Oliver Wendell Holmes.
* * *
Tourists and others will be amply repaid in visiting the new Capitol building, at the head of State Street. It is open from nine in the morning until six in the evening. It is said to be larger than the Capitol at Washington, and cost more than any other structure on the American continent. The staircases, the wide corridors, the Senate chamber, the Assembly chamber, and the Court of Appeals room, attest the wealth and greatness of the Empire State. The visitor up State Street will note the beautiful and commanding spire of “St. Paul.” The Cathedral is also a grand structure. The population of Albany is now 100,000, and its growth is due to three causes: First, the Capitol was removed from New York to Albany in 1798. Then followed two great enterprises, ridiculed at the time by every one as the Fulton Folly and Clinton’s Ditch—in other words, steam navigation, 1807, and the Erie Canal, 1825. Its name was given in honor of the Duke of Albany, although it is still claimed by some of the oldest inhabitants that, in the golden age of those far-off times, when the good old burghers used to ask the welfare of their neighbors, the answer was “All bonnie,” and hence the name of the hill-crowned city.
* * *
Canals, long winding, ope a watery flight,
And distant streams and seas and lakes
unite;
From fair Albania toward the fading sun,
Back through the midland lengthening channels
run.
Joel Barlow.
* * *
To condense from H. P. Phelps’s careful handbook of “Albany and the Capitol:” in 1614 a stockaded trading-house was erected on an island below the city, well defended for trading with the Indians. In 1617 another was built on the hill, near Norman’s Kill. The West Indian Company erected a fort in 1623 near the present landing of the Day Line.
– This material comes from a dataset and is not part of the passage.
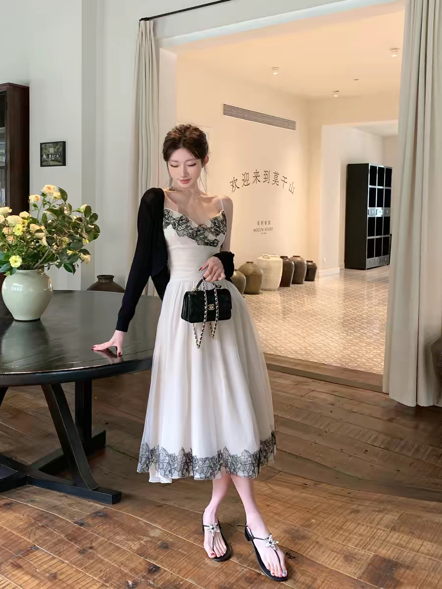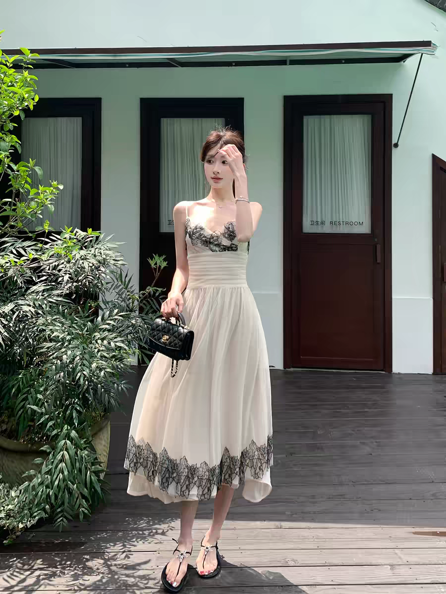 레이스 비밀 상황 섹시함 레이스 슬립 드레스 프랑스식 레이스 조각 허리 수축 망사 여성 드레스

In 1664 the province fell into the hands of the English and the name was changed to Albany. In 1686 it was incorporated into a city. It was the meeting place of the Constitutional Congress 1754, the proposed Constitution of which, however, was never ratified. Washington visited it in 1783. The Erie Canal was opened in 1825, a railroad to Schenectady in 1832, the Hudson River in 1851, a consolidated road to Buffalo in 1853, and the Susquehanna Railroad to Binghamton in 1869. State Street at one time was said to be the widest city thoroughfare in the country, after Pennsylvania Avenue in Washington. The English and Dutch Churches and other public buildings, once in the midst of it, but long since removed, account for its extra width. The State Capitol has a commanding site. The old Capitol building was completed in 1808. The corner-stone of the present building was laid June 24, 1871, and it has been occupied since January 7, 1879. According to Phelps, “the size of the structure impresses the beholder at once. It is 300 feet north and south by 400 feet east and west, and with the porticoes will cover three acres and seven square feet. The walls are 108 feet high from the water-table, and all this worked out of solid granite brought, most of it, from Hallowell, Me.”